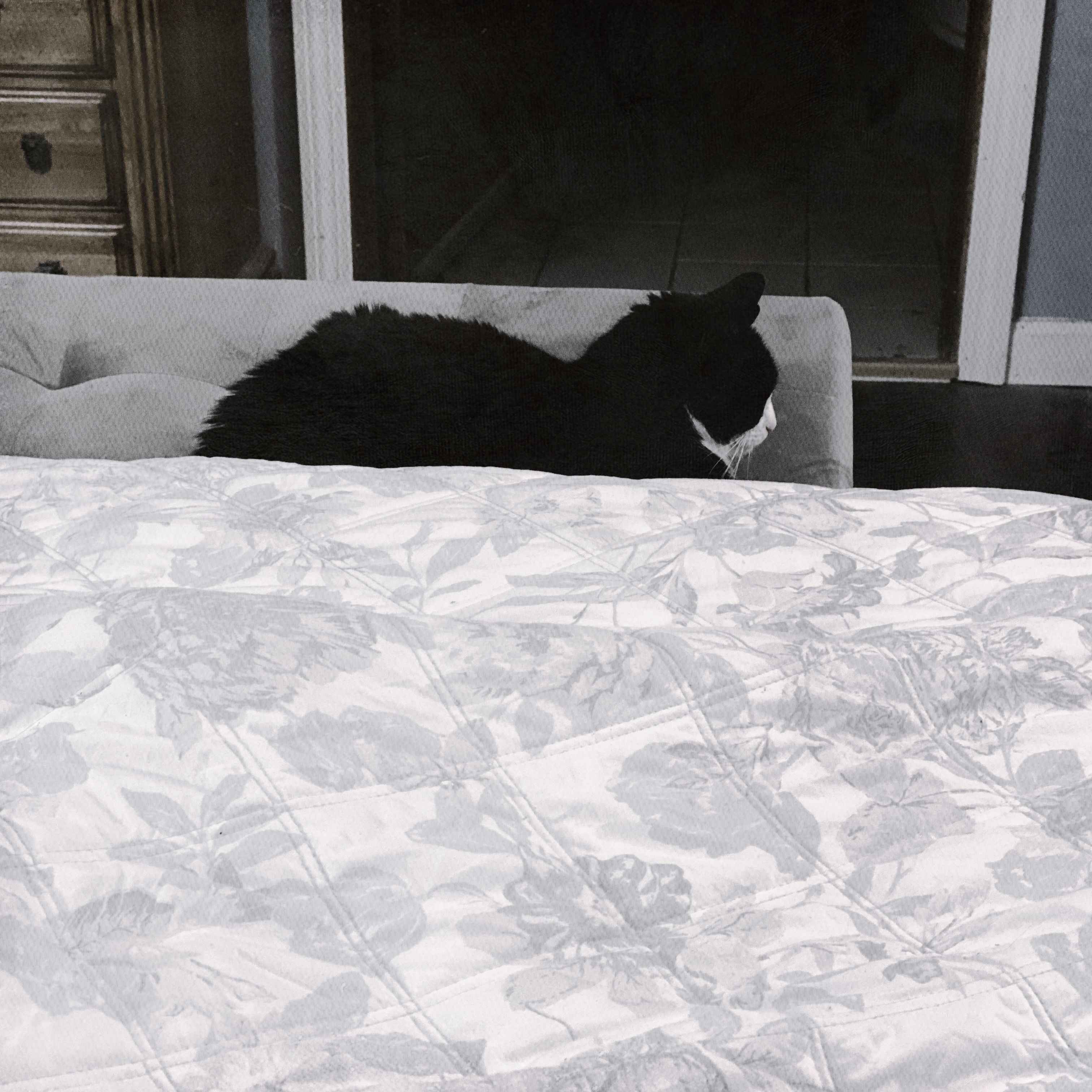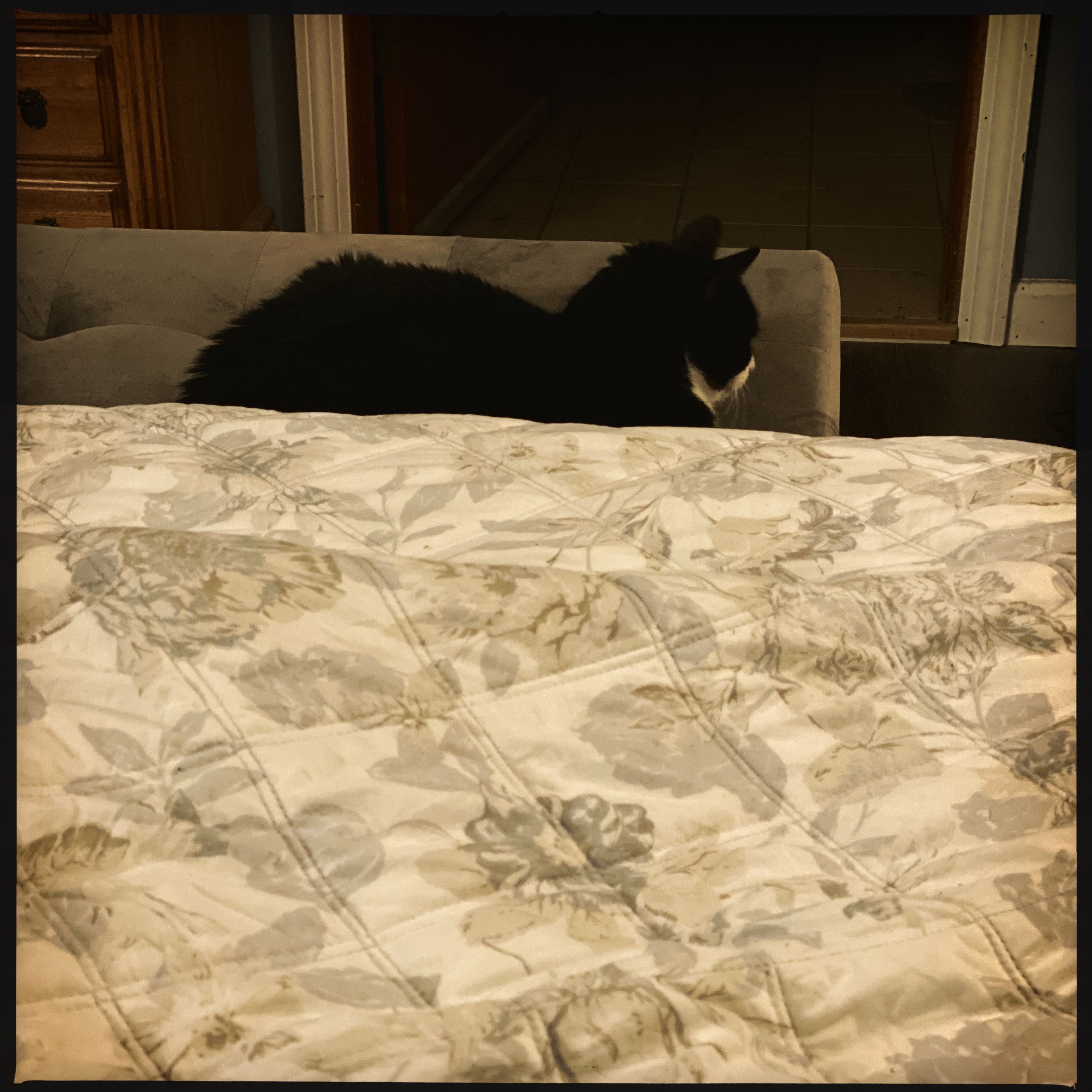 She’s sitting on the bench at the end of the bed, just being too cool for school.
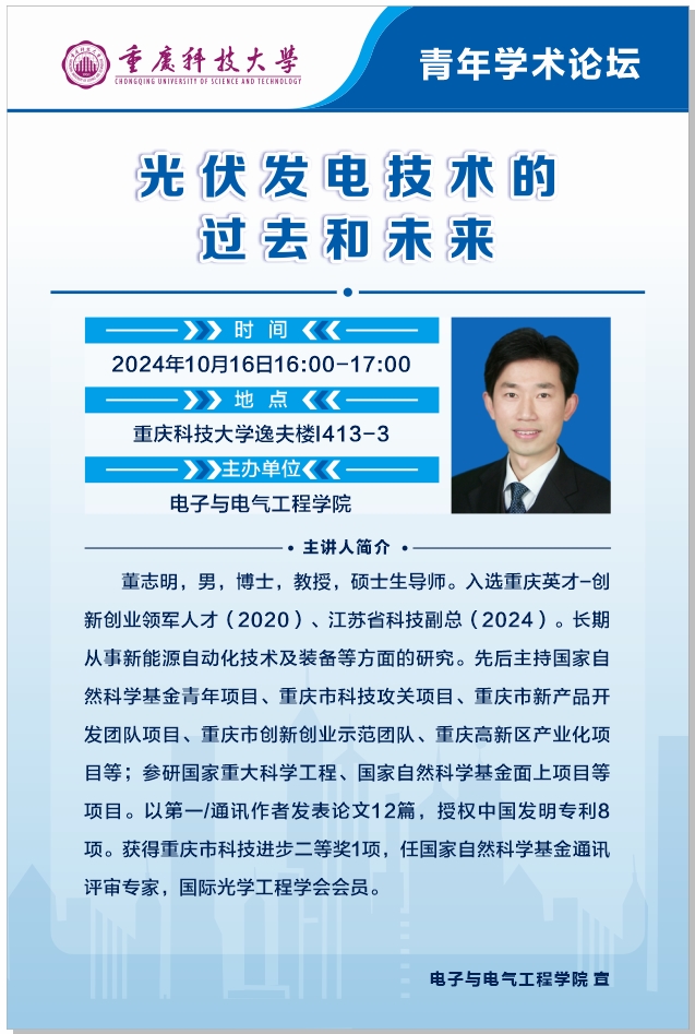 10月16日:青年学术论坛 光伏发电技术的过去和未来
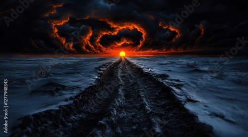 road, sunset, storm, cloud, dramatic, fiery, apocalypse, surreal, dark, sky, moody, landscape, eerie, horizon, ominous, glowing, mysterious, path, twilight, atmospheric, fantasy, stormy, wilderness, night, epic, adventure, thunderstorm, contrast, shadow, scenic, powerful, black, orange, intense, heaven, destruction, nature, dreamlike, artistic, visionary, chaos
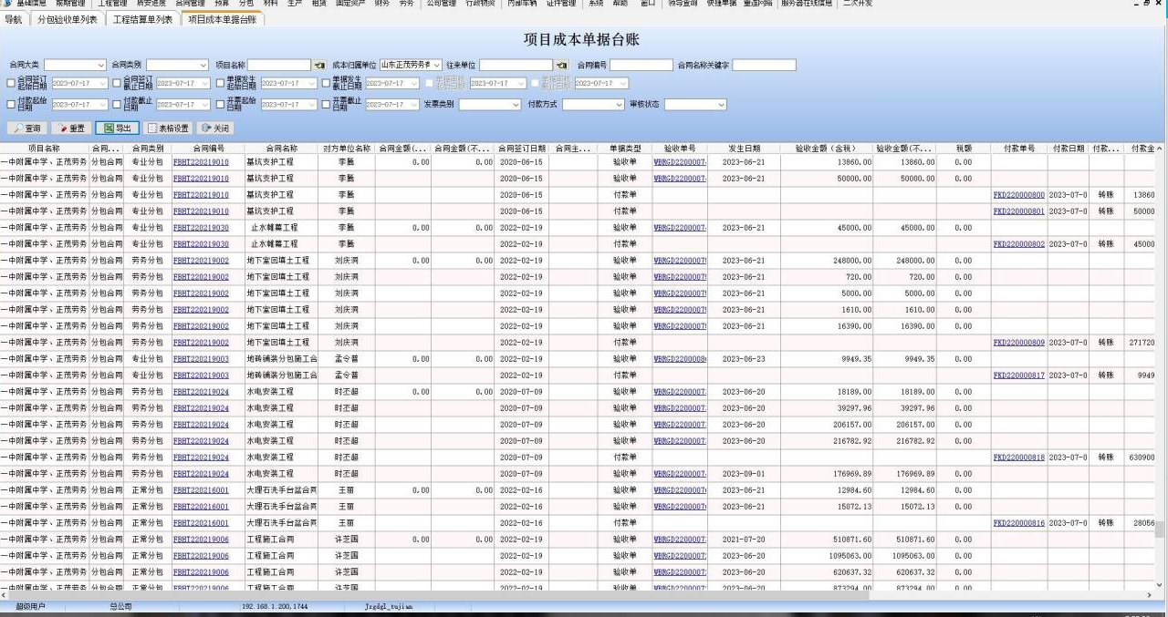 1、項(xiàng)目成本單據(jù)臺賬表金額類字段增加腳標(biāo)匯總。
...
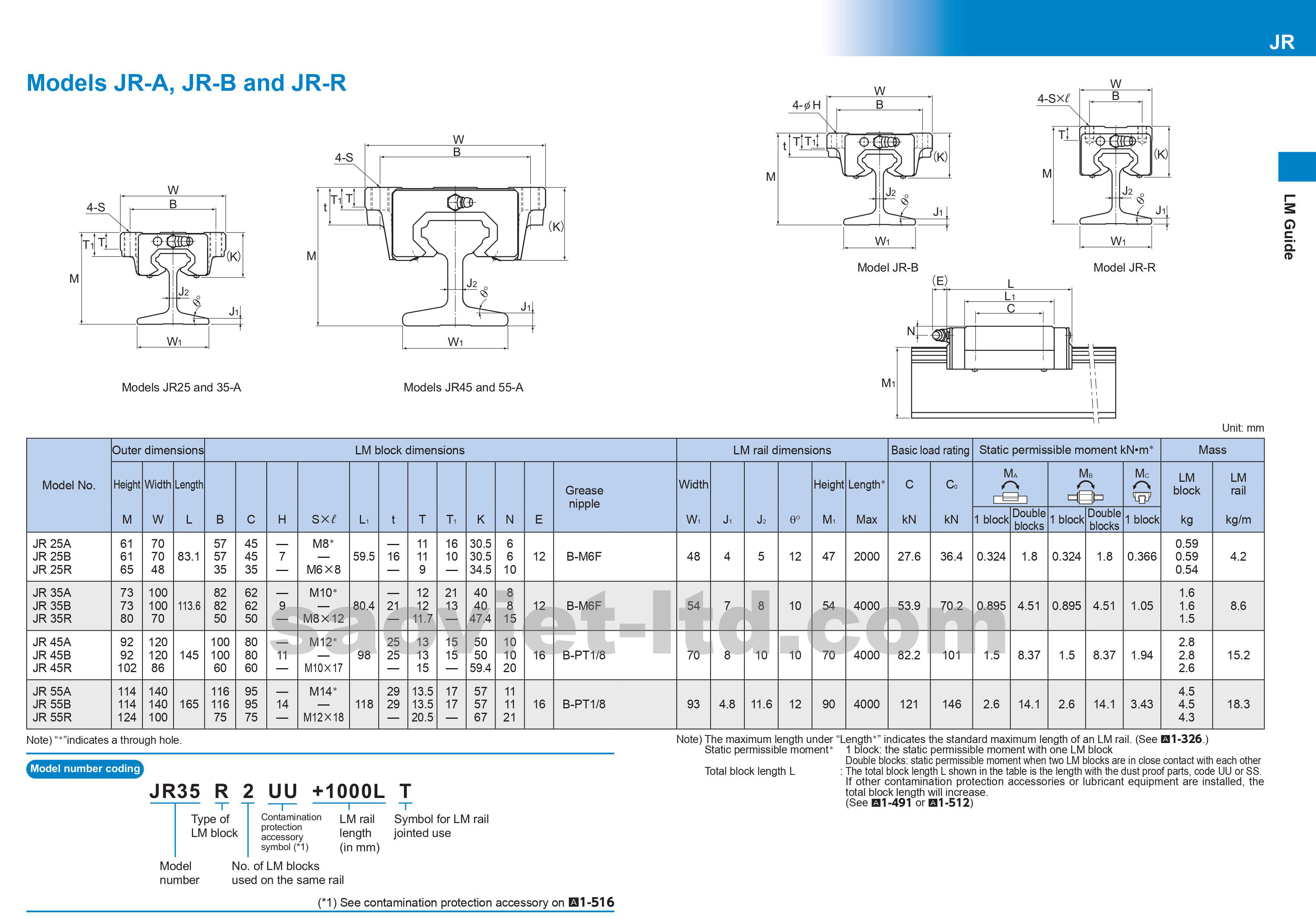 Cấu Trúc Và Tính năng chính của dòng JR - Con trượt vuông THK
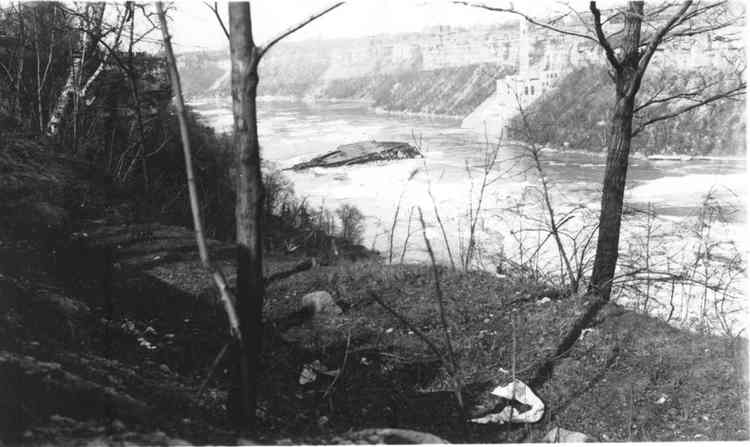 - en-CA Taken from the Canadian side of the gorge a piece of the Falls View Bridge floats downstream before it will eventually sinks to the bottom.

= EXERCISE REQUIREMENTS =
In the material above, one part opens with the line containing "Cấu Trúc Và" and closes with the line containing "- en-CA Taken". Write out that part exactly and skip its pictures.

= ANSWER TO THIS PROBLEM =
 Cấu Trúc Và Tính năng chính của dòng JR - Con trượt vuông THK
 - en-CA Taken from the Canadian side of the gorge a piece of the Falls View Bridge floats downstream before it will eventually sinks to the bottom.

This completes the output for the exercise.